▸ **Exercise**: Search the listing below for the line containing "Sinon, les oeufs". From there through the line containing "在坐骑界面中点击一键进阶按钮", transcribe every line exactly, both ends included.

▸ **Provided records**:
BEGIN

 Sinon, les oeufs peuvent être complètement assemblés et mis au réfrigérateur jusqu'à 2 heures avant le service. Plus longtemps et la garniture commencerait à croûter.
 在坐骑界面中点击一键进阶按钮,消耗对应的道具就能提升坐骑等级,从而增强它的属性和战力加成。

END
BEGIN

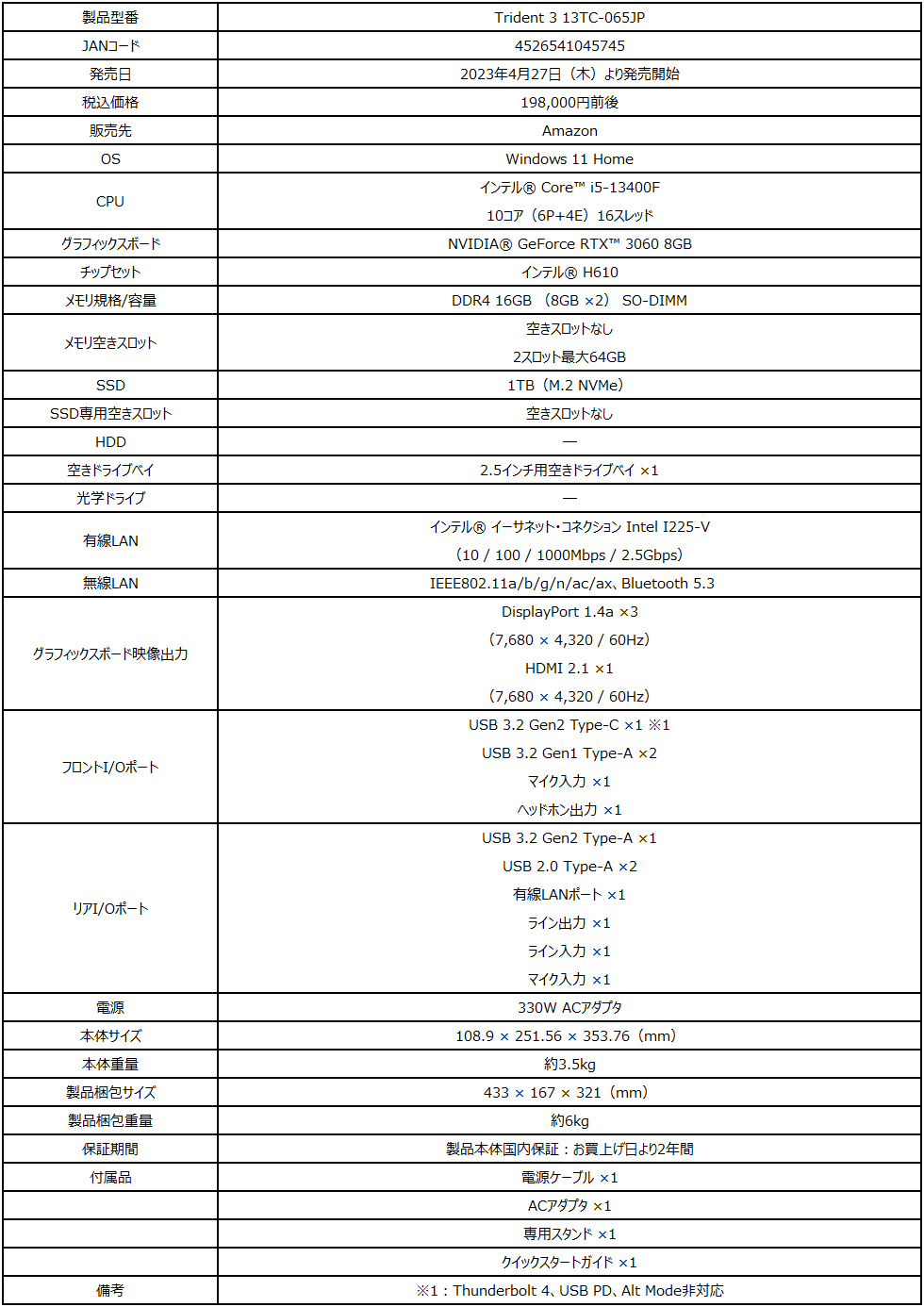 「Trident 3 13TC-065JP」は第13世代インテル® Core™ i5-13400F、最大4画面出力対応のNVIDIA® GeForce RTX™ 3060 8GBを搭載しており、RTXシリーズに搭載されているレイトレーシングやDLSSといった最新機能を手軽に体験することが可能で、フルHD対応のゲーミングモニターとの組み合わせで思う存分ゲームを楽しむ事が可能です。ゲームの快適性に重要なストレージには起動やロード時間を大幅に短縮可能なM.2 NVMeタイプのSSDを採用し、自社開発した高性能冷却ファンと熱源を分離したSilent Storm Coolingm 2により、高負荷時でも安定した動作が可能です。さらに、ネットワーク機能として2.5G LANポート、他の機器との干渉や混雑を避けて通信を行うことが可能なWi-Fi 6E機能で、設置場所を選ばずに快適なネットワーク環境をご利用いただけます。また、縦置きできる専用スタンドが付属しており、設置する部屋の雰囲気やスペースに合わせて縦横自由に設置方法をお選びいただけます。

END

▸ **Task solution**:
 Sinon, les oeufs peuvent être complètement assemblés et mis au réfrigérateur jusqu'à 2 heures avant le service. Plus longtemps et la garniture commencerait à croûter.
 在坐骑界面中点击一键进阶按钮,消耗对应的道具就能提升坐骑等级,从而增强它的属性和战力加成。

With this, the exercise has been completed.